# **Plagiarism Detection**

In this project, you will be tasked with building a plagiarism detector that examines an answer text file and performs binary classification; labeling that file as either plagiarized or not, depending on how similar that text file is to a provided, source text.

Your first task will be to create some features that can then be used to train a classification model. This task will be broken down into a few discrete steps:





*   Clean and pre-process the data.
*   Define features for comparing the similarity of an answer text and a source text, and extract similarity features.
*   Select "good" features, by analyzing the correlations between different features.
*   Create train/test .csv files that hold the relevant features and class labels for train/test data points.

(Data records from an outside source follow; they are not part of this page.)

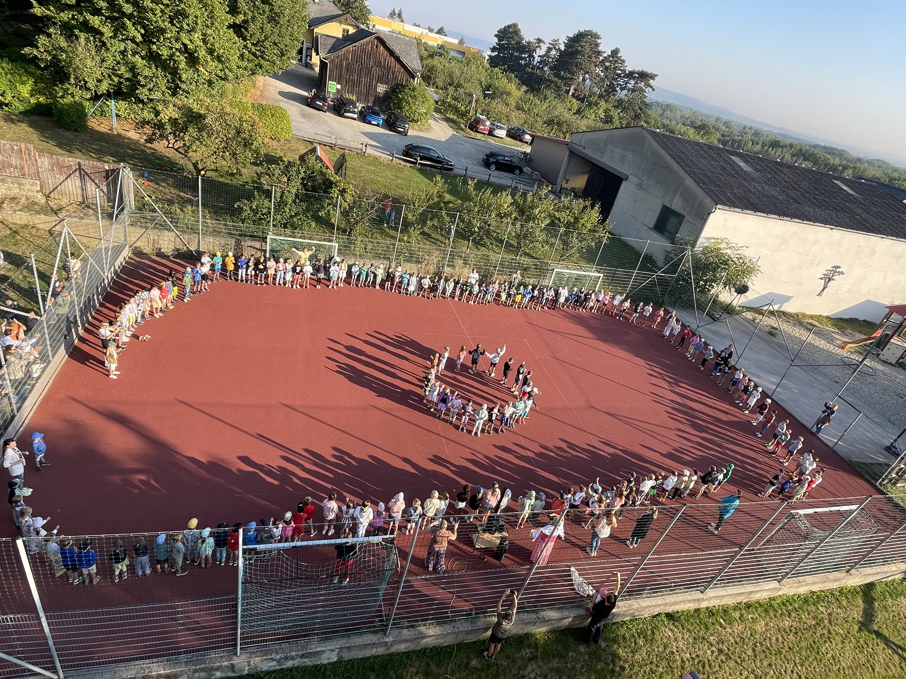 Jeden Montagmorgen heißt es für alle Klassen - Treffpunkt Sportplatz.
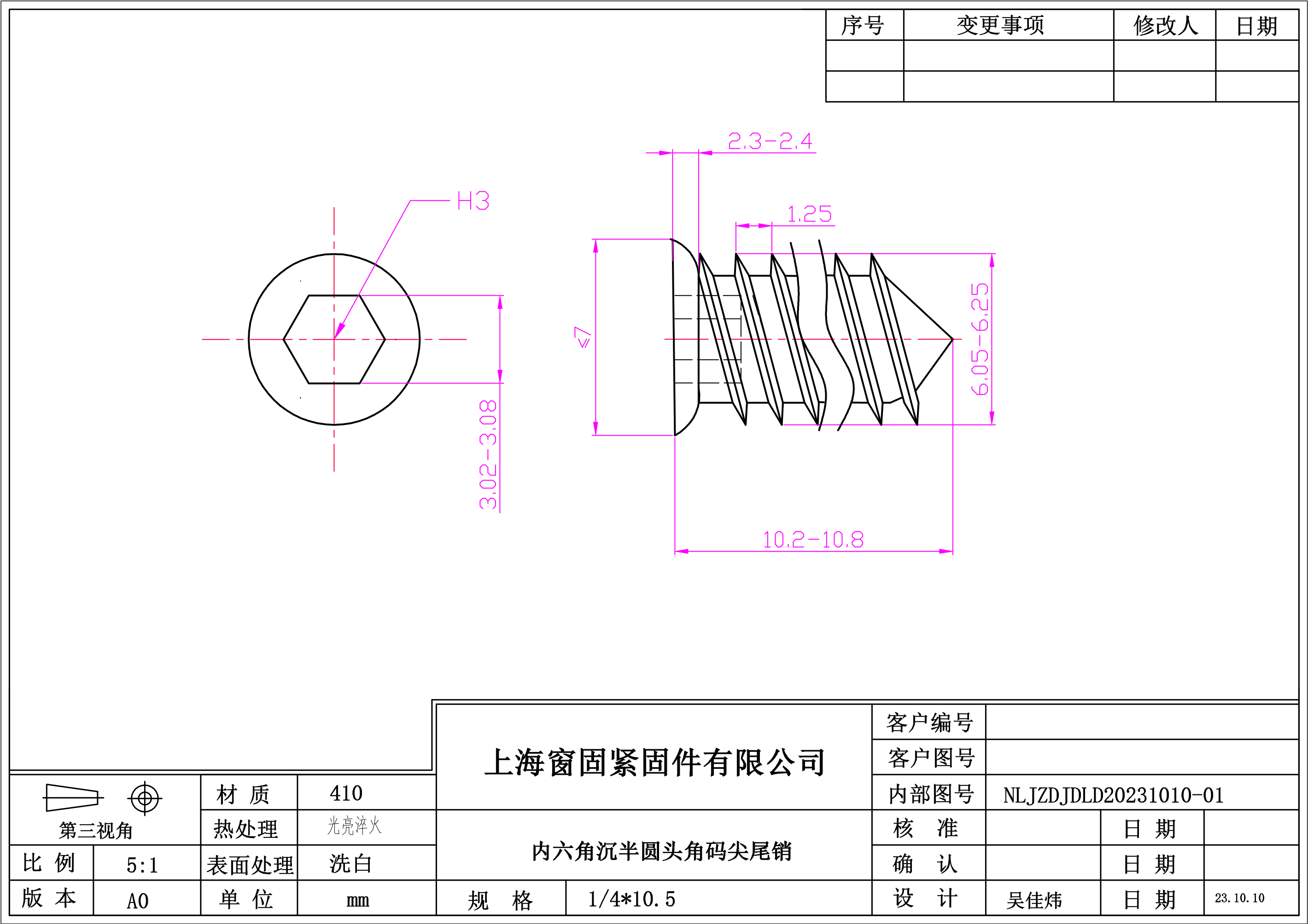 不锈钢410内六角沉半圆头角码尖尾销~1/4*10.5~洗白~(头径≤7)
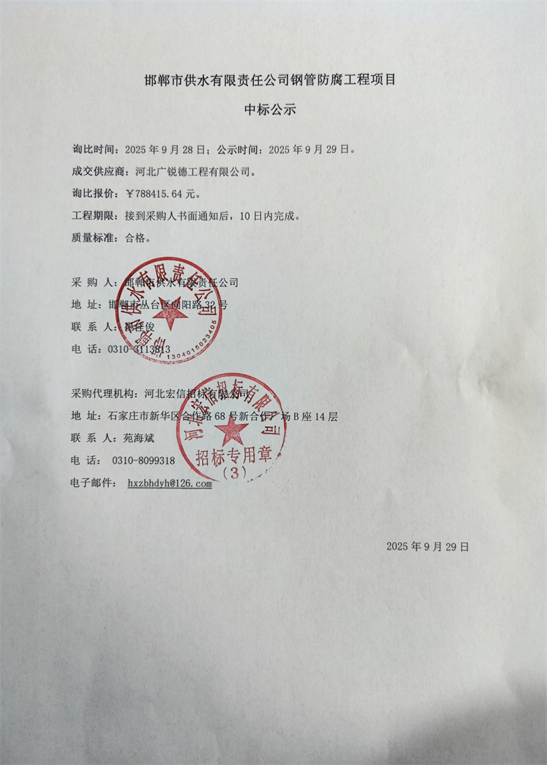 邯郸市供水有限责任公司钢管防腐工程项目中标公示
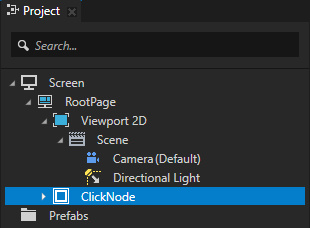 In the Project create a node for which you want to enable the click gesture. For example, create an Empty Node 2D node, name it ClickNode, and add content to the node.
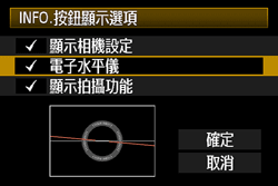 ],然後選擇 [INFO.按鈕顯示選項],最後在液晶螢幕上出現的視窗中選擇 [電子水平儀]。
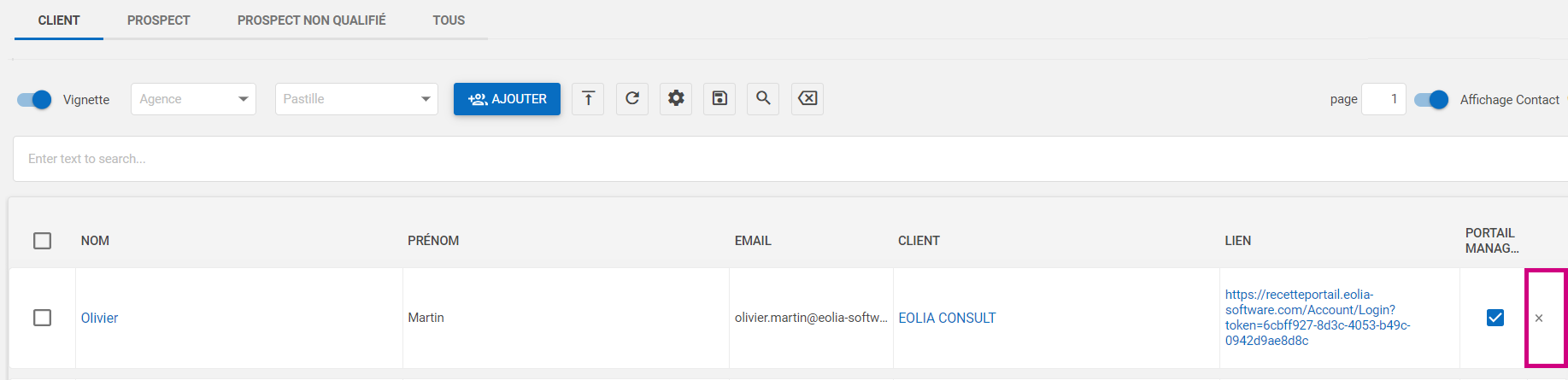 - À partir de la grille des contacts, en cliquant sur le bouton x :
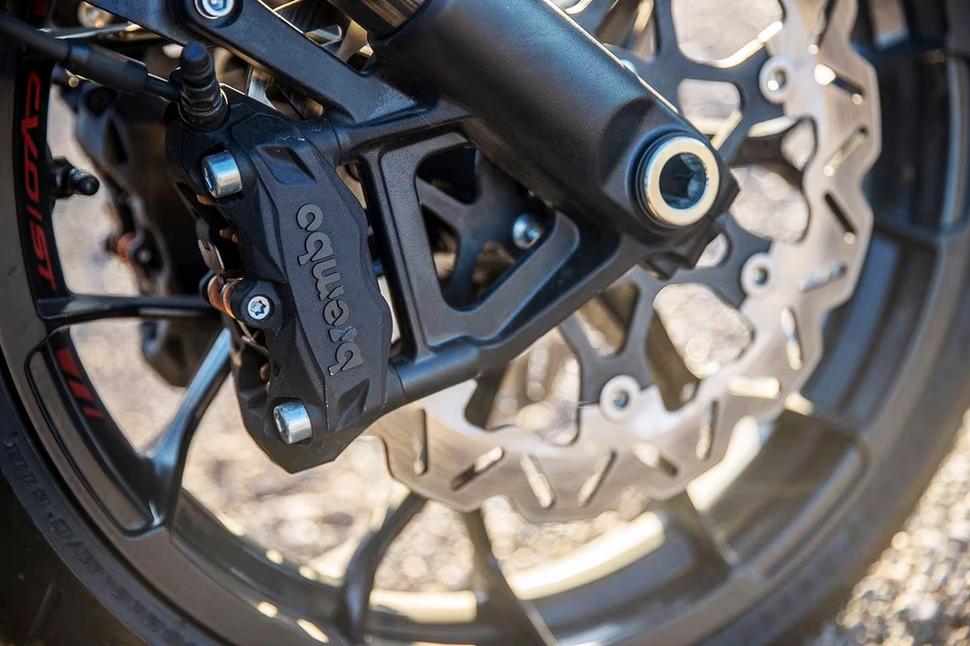 Для своего веса мотоциклы Harley Davidson всегда обладали достаточно информативными тормозами, и ST продолжает эту традицию. Четырёхпоршневые суппортf Brembo работают на 320-миллиметровых плавающих дисках, обеспечивая мощное и предсказуемое торможение без лишней суеты. Рычаг информативен, модуляция лёгкая, тормоза эффективны даже на высоких скоростях. На ходу ты просто забываешь о тормозах, воспринимая их как само собой разумеющееся и без каких-то ярко выраженных особенностей, и по сути, от них это и требуется.
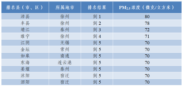 江蘇發(fā)布1月環(huán)境空氣質(zhì)量排名 沛縣豐縣靖江PM2.5濃度相對較差
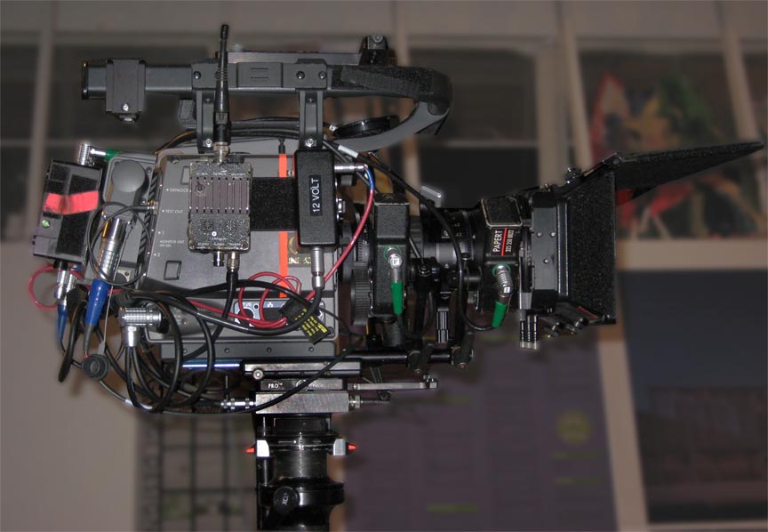 This is a continuation of the product line that started with the F900 and continued through the Genesis all of which was designed prior to RED's existence, so I think it wouldn't qualify as a "response" to the RED. re: Chris and Easyrig, yes, it worked out well on this job. Wasn't quite aware of how much of a difference it made until I put the sucker on my shoulder directly well into the job. It also helped with the front-heavy nature of the camera--I got it to the point where the camera just sat level on my shoulder with no hands. The only problem with the Easyrig is that when the camera wasn't onboard, I kept forgetting I was wearing it and whacked a few people with the thing, especially if I bent forward. Comedy. My excellent AC Emily festooned the top with mistletoe for our last day, I netted a few smooches as a result.
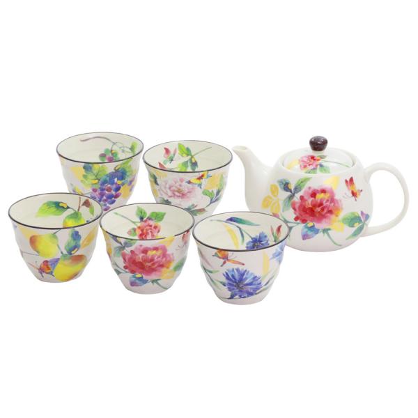 食器 日本製 美濃焼 磁器 花柄 ギフト プレゼント おしゃれ かわいい レトロ ポット茶器 ポット セット お茶 湯呑 おもてなし 来客
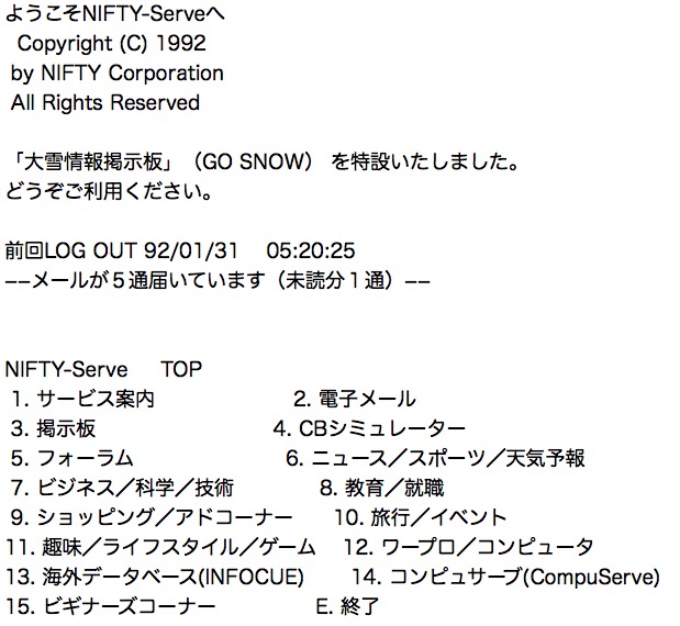 30年前だと一般の人はニフティサーブからコンプサーブを覗ける程度でしたね。
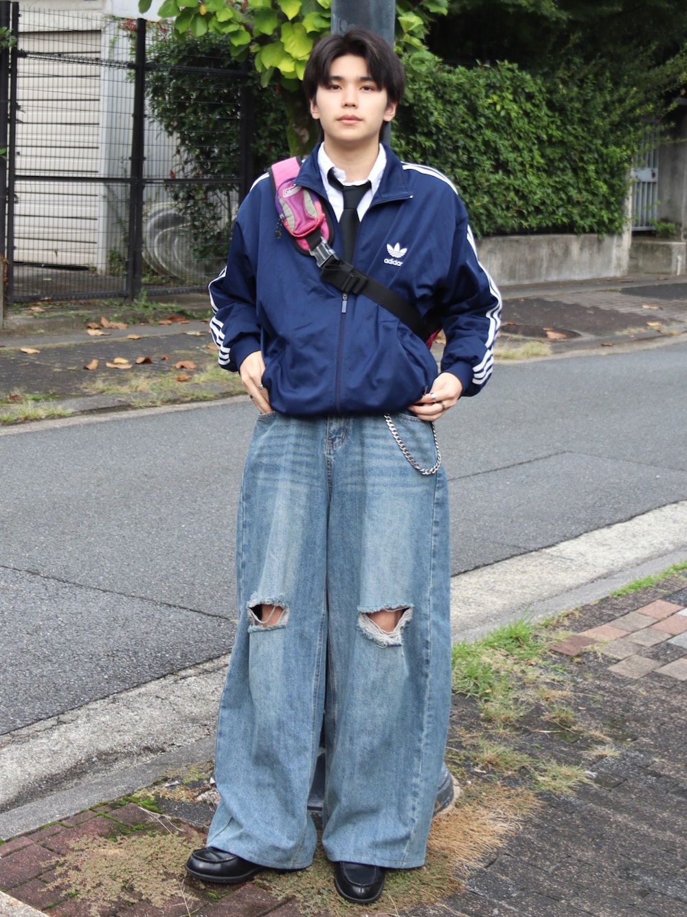 Adidasの80sトラックジャケットで組んだ海外ボーイ風スポーツミックススタイル ブルートーンにピンクのショルバが映えてる◎ トラックジャケットはかなりカジュアルなアイテムなのでシャツタイ、ローファー等のきれいめアイテムを取り入れてバランス取るのがおすすめ🪼
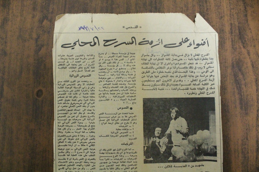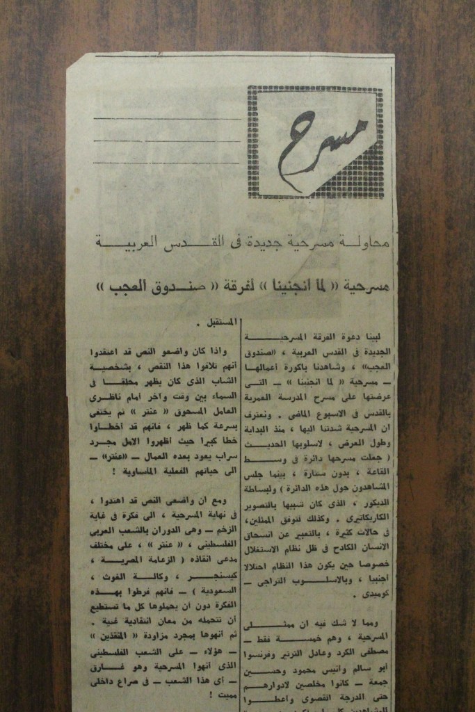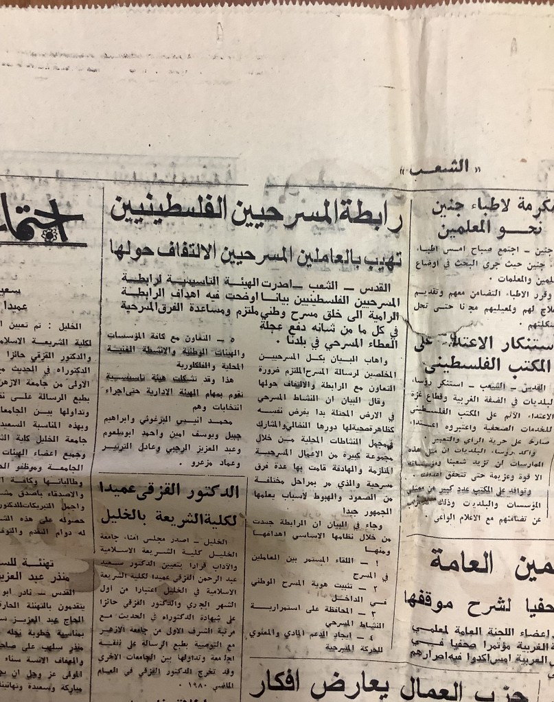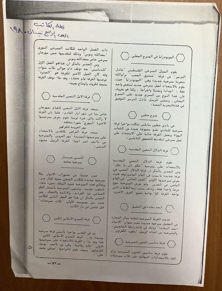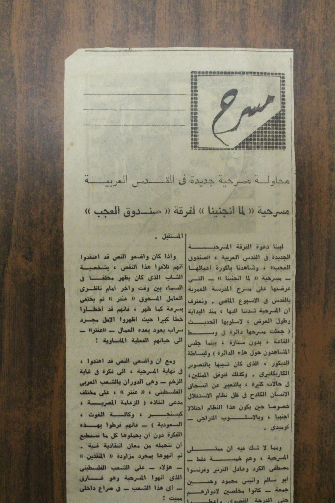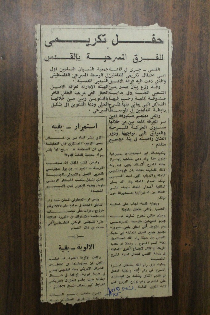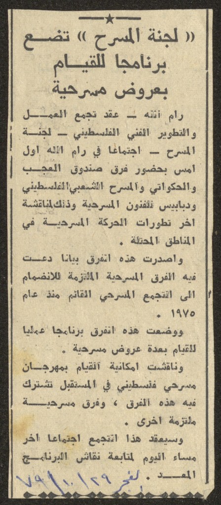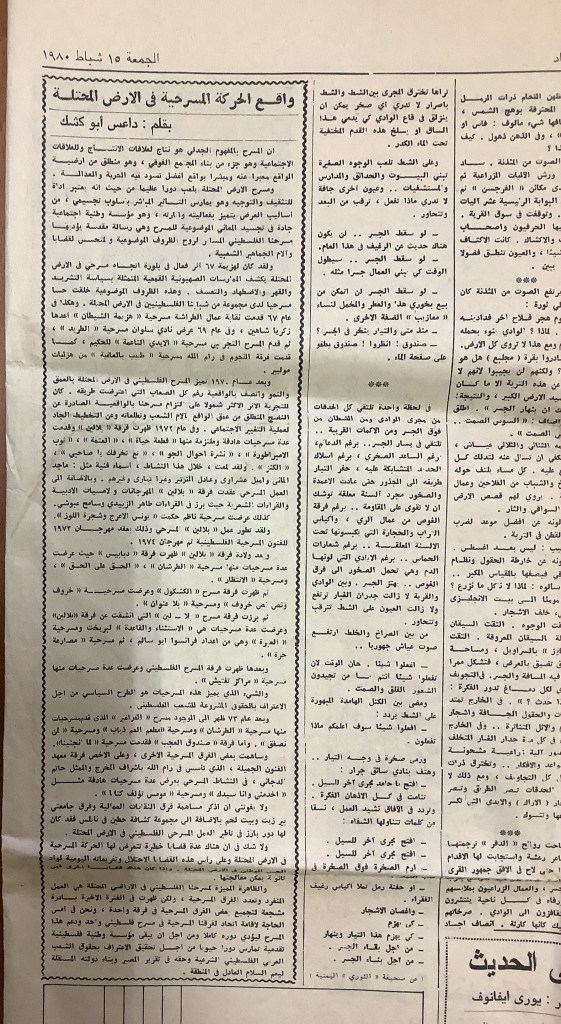 “واقع الحركة المسرحية في الأراضي المحتلة”، قصاصة من جريدة، 15 شباط 1980
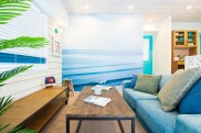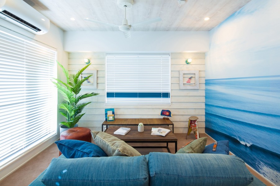 当事例では、海のグラフィックを取り入れ、カリフォルニアらしいインパクトのあるリビングに仕上げています。
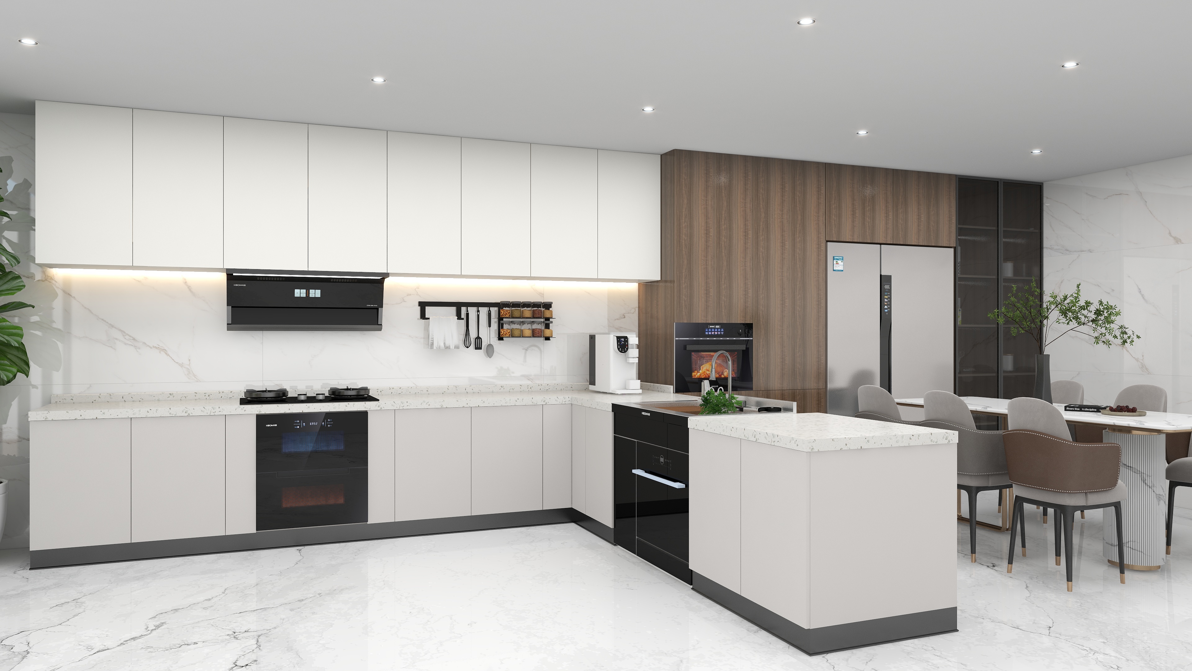 雙吸合力,不跑油煙。高位頂吸強效,低位側吸快攏,895mm 控煙區,全域無死角,上下齊發力,油污無處藏,變頻強壓,排煙無阻,1350Pa大風壓,高峰不回灌,科恩7810煙機,廚房更清爽。
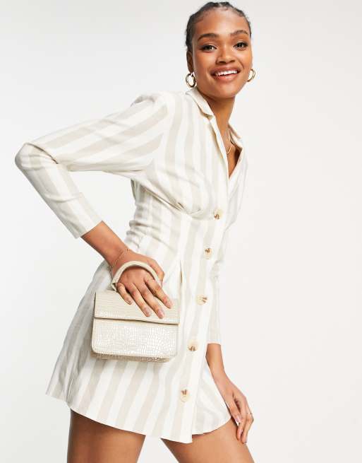 ASOS DESIGN – Randigt smokingklänning av linne i minilängd med naturfärgning
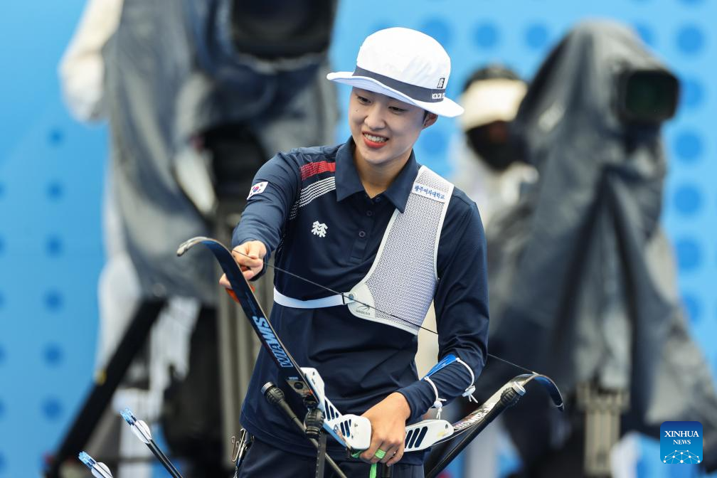 An San of South Korea competes during the Recurve Women's Individual Gold Medal Match of Archery at the 19th Asian Games in Hangzhou, east China's Zhejiang Province, Oct. 7, 2023. (Xinhua/Shan Yuqi)
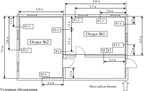 Рисунок 4 – План размещения сетевого оборудования и трасс прокладки кабелей План размещения сетевого оборудования и трасс прокладки кабелей

In the next notebook, Notebook 3, you'll use the features and .csv files you create in this notebook to train a binary classification model in a SageMaker notebook instance.

You'll be defining a few different similarity features, as outlined in this paper, which should help you build a robust plagiarism detector!

To complete this notebook, you'll have to complete all given exercises and answer all the questions in this notebook.

> All your tasks will be clearly labeled EXERCISE and questions as QUESTION.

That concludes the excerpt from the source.